Data Life Cycle
The data life cycle, as described by DataONE's best practices (https://www.dataone.org/data-life-cycle), has eight components for managing and preserving data for use and reuse. The following describes how the components are implemented at the Arctic LTER.
Plan: Planning begins at the proposal where a detailed plan for experiments and data collection is proposed. Both the Arctic LTER and any projects that used our sites or experiments include these plans. However sometimes ad hoc plans and opportunities arise and there are no formal plans. The investigators will determine how these data fit in the overall data plans they follow.
Collect and Assure the quality of data: Each investigator is responsible for the collection and curating of the data to a point where the data can be put online for others to use.
Describe: We encourage the investigators to use the templates we provide for submitting datasets for uploading to our web site and to data portals. Comments and lists in the templates are used to aid investigators in entering metadata.
Once an investigator submits a dataset, the Information Manager (IM) uses several scripts (at present Excel macros) to check the metadata and data for completeness and correct data formats. These checks include using standard units, consistent site descriptions and locations, keywords, missing data definitions and other common errors in formatting data. Once the dataset passes the checks the data files are moved to a data directory on the web server and the dataset, data sources and any necessary persons, research sites or project content are created or updated. Once complete the dataset is uploaded to a data portal where additional checks may be made.

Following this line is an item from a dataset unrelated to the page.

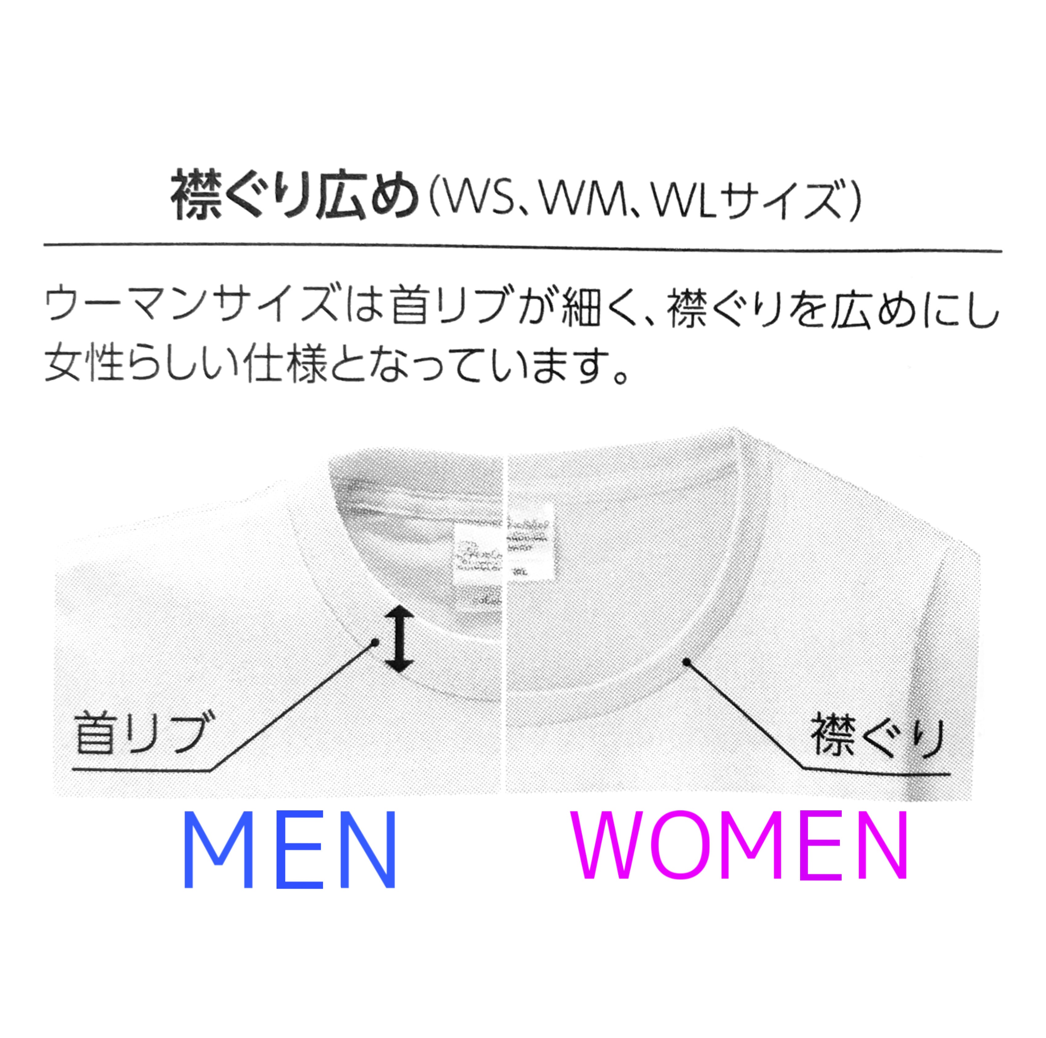 ※ウーマンサイズは、首リブが細く、襟ぐりが広めなので、女性らしい仕様となっています。

Preserve and Discover: The Arctic LTER is one of several LTER Drupal web sites that use Drupal Ecological Information Management System (DEIMS) as a content management system for a web site and for entering and managing datasets. DEIMS use several custom content types to populate dataset metadata fields. People, research sites and projects are all separate content types (SQL data tables) that populate a dataset content type. In addition, we use the Drupal bibilo module to maintain the Arctic LTER bibliography. Once datasets are entered/updated and published on the Arctic LTER web site, xml (eml) can be generated for uploading a dataset to the EDI data portal, https://portal.edirepository.org. Once uploaded to EDI a Digital Object Identifier (DOI) is assigned and the dataset is discoverable through EDI and DataONE data portals. EDI is an NSF-funded project for curation and archive of environmental data and provides for long-term archiving of data. Other data centers can be used for Arctic LTER and associated projects, e.g. the Arctic Data Center, Genbank. At the Arctic LTER the local databases are regular backed up to local hard drives and to cloud backups. For those interested details on the hardware and software are available.
Integrate and Analyze: Software used for data integration and analyses have been evolving as datasets become larger and more complicated. Many researchers use spreadsheet programs for the basic data entry and calculations. But MatLab and R have become increasing important for data analyses. An example is the R scripts being developed for analyzing and checking vegetation reflectance data.